There’s been a big thing around the whistle-blowing website WikiLeaks.
Since the revelations a few weeks ago about the site, many companies have pulled their support from WikiLeaks, such as Mastercard, Paypal and Amazon. Since WikiLeaks began to publish 250,000 leaked diplomatic cables, the US government had written to the website saying that their actions were illegal, though they deny that they’ve put pressure on the firms to withdraw services.
But since these companies, amongst others, pulled out of WikiLeaks, they have been under attack by pro-WikiLeaks hackers.
How? DDOS attacks, or Distributed Denial-Of-Service attacks.
No idea how DDOS attacks work? Well, when you clicked on the link to this article (for example), you sent a request to Wicid to see the page, then Wicid sends the page to you to see. What DDOS attacks do is that hackers bombard websites with requests (millions of requests per second, roughly) until the targeted websites are unable to cope, forcing them to go down. The hackers use something called a botnet to send the millions of requests at a time. The software has been downloaded over 300,000 times.
Who are behind these DDOS attacks? A group of hacktivists called Anonymous who believe that WikiLeaks is proof that the internet is open and free. One of them, named Coldblood, told the BBC that “more and more people are downloading the voluntary botnet tool,” adding that thousands of people have joined up in the “war of data”, as he described it.
Recently, one of these hacktivists has told Sky News that more cyber attacks will accrue.

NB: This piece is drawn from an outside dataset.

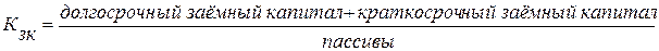 где стр.1300, стр.1100, - строки Бухгалтерского баланса (форма №1). Коэффициент соотношения собственных и заемных средств Коэффициент концентрации привлечённого капитала:

He told Sky News that “our pool of targets is actually verily limited”, adding “we are going after the agencies that were directly involved in the censorship of WikiLeaks”.
The member of Anonymous, codenamed Bass, continued to say that “They include PayPal who cut off services and withheld funds. The same with Visa and MasterCard, then Amazon who cut off their service support.
“We don’t attack the media, that is a big no no. Even the media that has been critical of us, we don’t attack any of the news”
Users of Facebook, Twitter and other social networking sites could breathe a sign of relief, as Bass stated that “even though they have done some things against us we’re not going after them.”
Though these hacktivists are only attacking those they feel are censoring the internet, this could be the dawn of a new form of warfare.
Us humans have become rather reliant on the web in this day in age. Imagine if a group that isn’t like Anonymous and has their eyes set to attack the media. This could result in major problems.
Granted, it won’t be the end of the world if you couldn’t read your emails for a few days, but imagine if someone targets an online store, for instance. The online store will lose money due to the site not working, resulting in loss of earnings and, if the site is down long enough, could spell the end of the company.
It is something worth thinking about. Could DDOS attacks be the new form of warfare? Or even worse, terrorism?